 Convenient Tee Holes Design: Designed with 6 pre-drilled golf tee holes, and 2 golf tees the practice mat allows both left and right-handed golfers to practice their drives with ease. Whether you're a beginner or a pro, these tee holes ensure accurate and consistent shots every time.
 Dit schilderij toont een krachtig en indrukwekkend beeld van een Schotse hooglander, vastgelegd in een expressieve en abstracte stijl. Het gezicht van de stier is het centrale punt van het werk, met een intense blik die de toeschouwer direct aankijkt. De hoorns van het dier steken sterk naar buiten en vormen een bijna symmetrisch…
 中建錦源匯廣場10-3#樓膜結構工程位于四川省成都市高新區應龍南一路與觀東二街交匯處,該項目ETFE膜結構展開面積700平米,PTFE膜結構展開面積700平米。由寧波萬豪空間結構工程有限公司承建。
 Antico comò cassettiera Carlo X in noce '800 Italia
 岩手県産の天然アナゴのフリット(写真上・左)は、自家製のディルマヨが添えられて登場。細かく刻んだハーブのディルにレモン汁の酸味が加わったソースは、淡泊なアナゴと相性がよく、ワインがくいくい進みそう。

• • • •

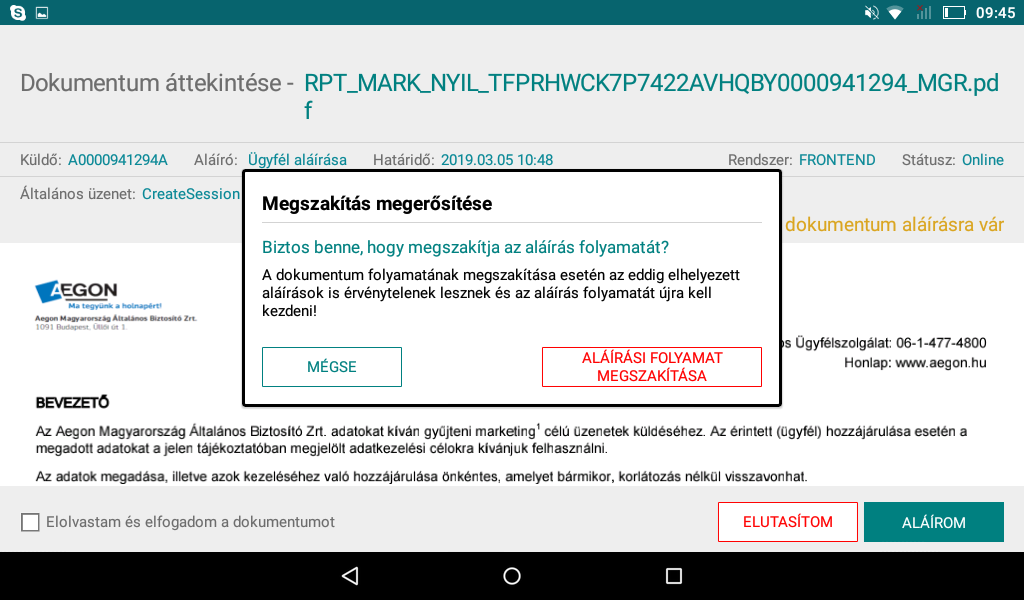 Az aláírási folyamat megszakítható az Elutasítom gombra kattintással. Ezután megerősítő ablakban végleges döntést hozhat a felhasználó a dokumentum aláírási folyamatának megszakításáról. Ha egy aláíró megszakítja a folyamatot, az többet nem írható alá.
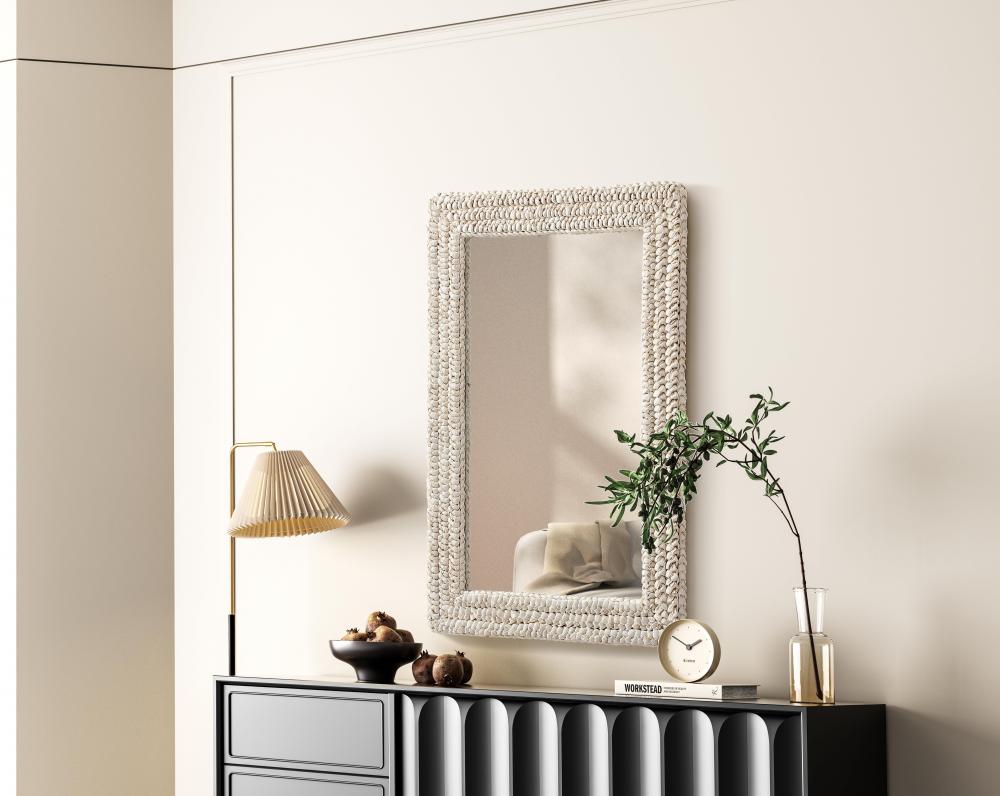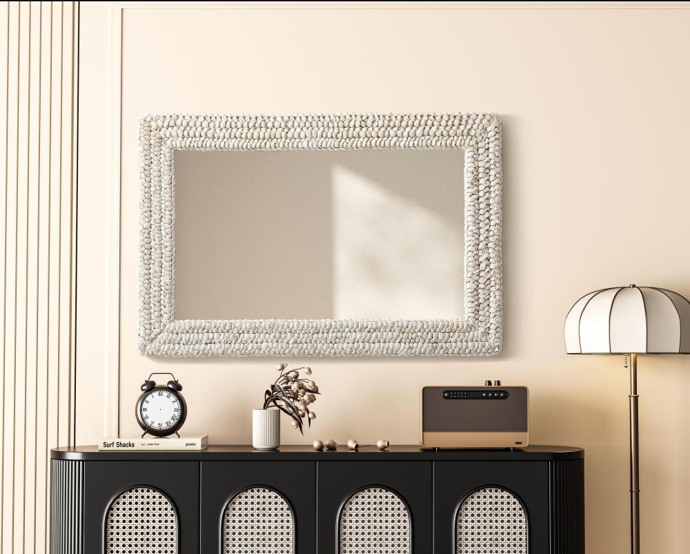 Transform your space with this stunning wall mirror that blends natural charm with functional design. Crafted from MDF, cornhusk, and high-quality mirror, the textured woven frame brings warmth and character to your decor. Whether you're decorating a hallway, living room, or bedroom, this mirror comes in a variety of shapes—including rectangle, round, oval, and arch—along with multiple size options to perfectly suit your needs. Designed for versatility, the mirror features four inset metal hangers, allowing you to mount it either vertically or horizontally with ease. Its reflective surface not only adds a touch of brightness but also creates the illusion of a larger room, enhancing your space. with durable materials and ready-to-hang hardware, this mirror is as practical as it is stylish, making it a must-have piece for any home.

• • • •

# [Task instructions]
Looking at the records above, return exactly the lines from the line with "中建錦源匯廣場10-3#樓膜" to the line with "岩手県産の天然アナゴのフリッ", both ends included.

# [Result of this task]
 中建錦源匯廣場10-3#樓膜結構工程位于四川省成都市高新區應龍南一路與觀東二街交匯處,該項目ETFE膜結構展開面積700平米,PTFE膜結構展開面積700平米。由寧波萬豪空間結構工程有限公司承建。
 Antico comò cassettiera Carlo X in noce '800 Italia
 岩手県産の天然アナゴのフリット(写真上・左)は、自家製のディルマヨが添えられて登場。細かく刻んだハーブのディルにレモン汁の酸味が加わったソースは、淡泊なアナゴと相性がよく、ワインがくいくい進みそう。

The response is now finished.